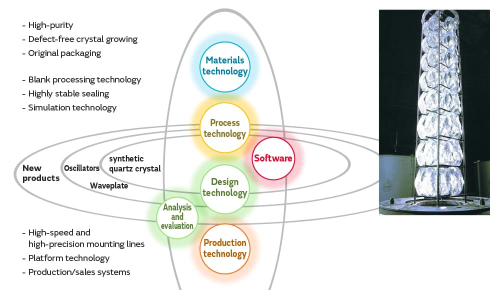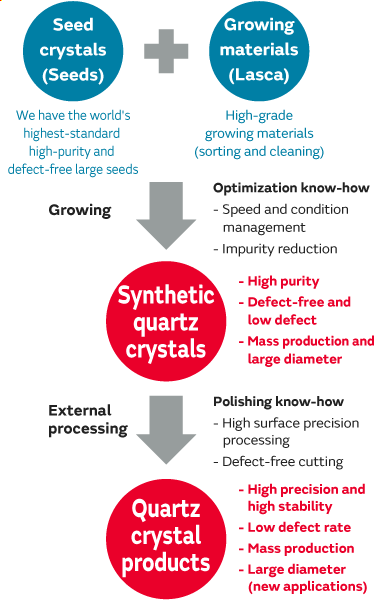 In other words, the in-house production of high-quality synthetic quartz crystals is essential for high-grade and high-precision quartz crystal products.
━━━━━━
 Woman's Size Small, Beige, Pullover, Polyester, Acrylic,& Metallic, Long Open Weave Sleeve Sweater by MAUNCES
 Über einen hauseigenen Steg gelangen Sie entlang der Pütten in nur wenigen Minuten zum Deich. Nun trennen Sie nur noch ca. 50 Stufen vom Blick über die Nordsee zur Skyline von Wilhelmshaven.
━━━━━━
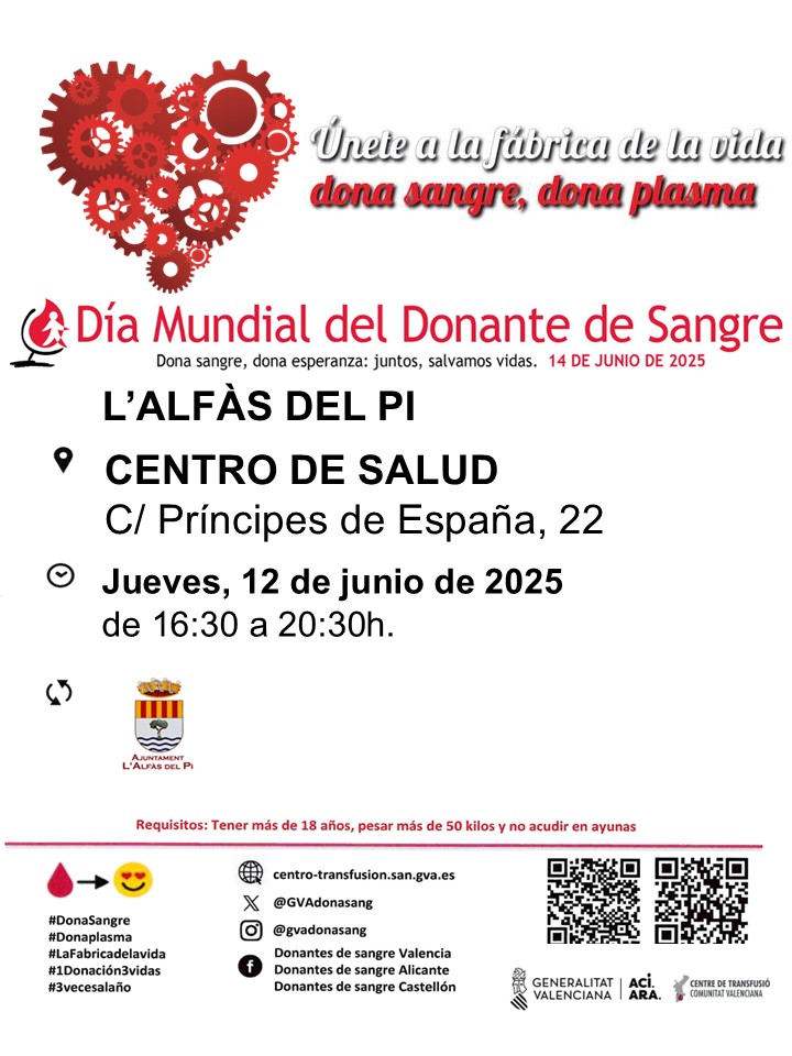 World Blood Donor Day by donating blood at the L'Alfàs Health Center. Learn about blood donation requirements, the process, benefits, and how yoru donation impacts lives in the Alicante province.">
━━━━━━
**PROBLEM REQUIREMENTS**
Taking the entries above, restate exactly those lines that fall between the line with "Woman's Size Small, Beige, Pullover, Polyester, Acrylic,&" and the line with "Über einen hauseigenen", keeping both of those lines too.

**WRITTEN ANSWER**
 Woman's Size Small, Beige, Pullover, Polyester, Acrylic,& Metallic, Long Open Weave Sleeve Sweater by MAUNCES
 Über einen hauseigenen Steg gelangen Sie entlang der Pütten in nur wenigen Minuten zum Deich. Nun trennen Sie nur noch ca. 50 Stufen vom Blick über die Nordsee zur Skyline von Wilhelmshaven.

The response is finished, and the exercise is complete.